Validate Errors

Firebird
Firebird
Joined: 10 Mar 05
Posts: 7
Credit: 90397577
RAC: 0
Topic 194734

I just changed my video card from a 220gt to a 9800gt, now every workunit is showing a validate error. Driver is version 195.62, any ideas on how to fix it?

rroonnaalldd
rroonnaalldd
Joined: 12 Dec 05
Posts: 116
Credit: 537221
RAC: 0

Validate Errors

Someone at folding@home has released a nVIDIA GPU memory checker.

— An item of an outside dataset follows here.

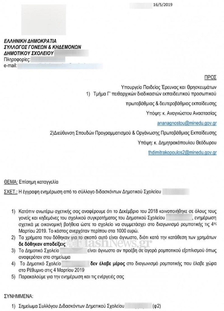 Το θέμα όμως είναι ότι παρόλο που τα χρήματα δόθηκαν, το σχολείο ούτε έλαβε μέρος στον διαγωνισμό, ούτε αγοράστηκε κάποιος εξοπλισμός ρομποτικής για το σχολείο, ούτε δόθηκαν αποδείξεις κατά την κατάθεση των χρημάτων.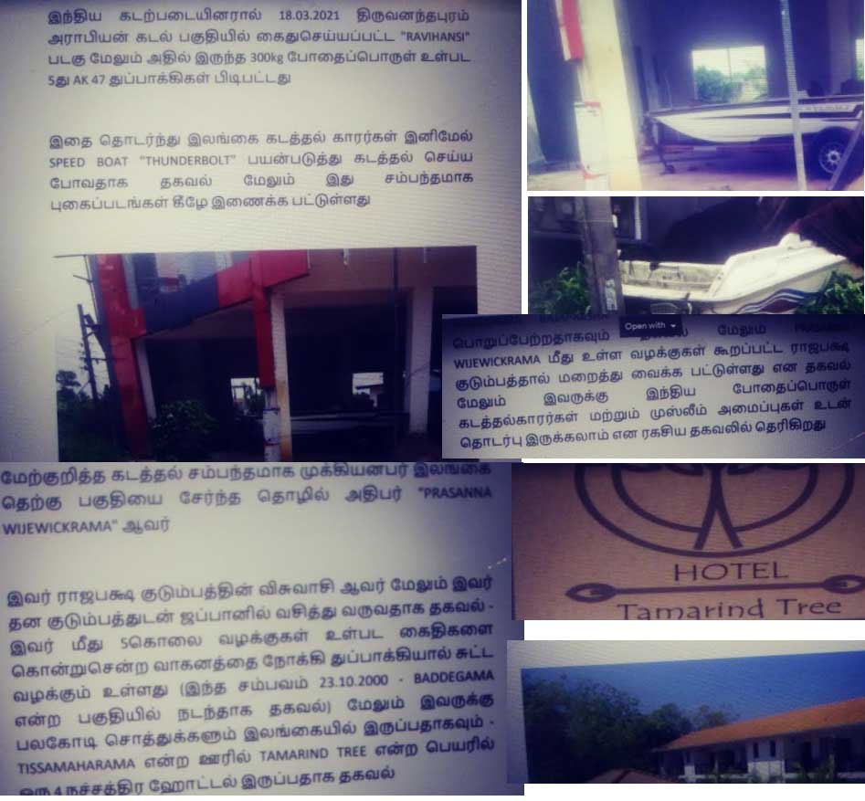 இந்த கடத்தல் கும்பல் தமது கடத்தல் நடவடிக்கைகளுக்கு பயன்படுத்தும் அதிவேக படகுகள் சிலவற்றின் புகைப்படங்களும் இங்கு இணைக்கப்பட்டுள்ளன. இந்த அதிவேக படகுகள் நிறுத்தி வைக்கப்பட்டிருக்கும் இடங்கள் கூட புகைப்படத்தில் வௌியிடப்பட்டுள்ளது. ஹைலெவல் வீதிக்கு அருகில் உள்ள இவருக்குச் சொந்தமான கட்டிடம் ஒன்று ஹெரோயின் போதைப் பொருள் கடத்தல் மத்திய நிலையமாக செயற்படுவதாக தகவல்கள் தெரிவிக்கின்றன. (அதனுடன் தொடர்புடைய புகைப்படம் இங்கு இணைக்கப்பட்டுள்ளது)

The results was/are an eye-opener for nVidia and Fermi-based cards comes with ecc-memory...
This problem is not nVidia only, AMD/ATI is affected too.

Bikeman (Heinz-Bernd Eggenstein)
Bikeman (Heinz-...
Moderator
Joined: 28 Aug 06
Posts: 3522
Credit: 690848072
RAC: 270706

Most likely, the validation

Most likely, the validation problems are not caused be a hardware problem, but by problems that surfaced in the transition phase of the ABP1 to ABP2 searches.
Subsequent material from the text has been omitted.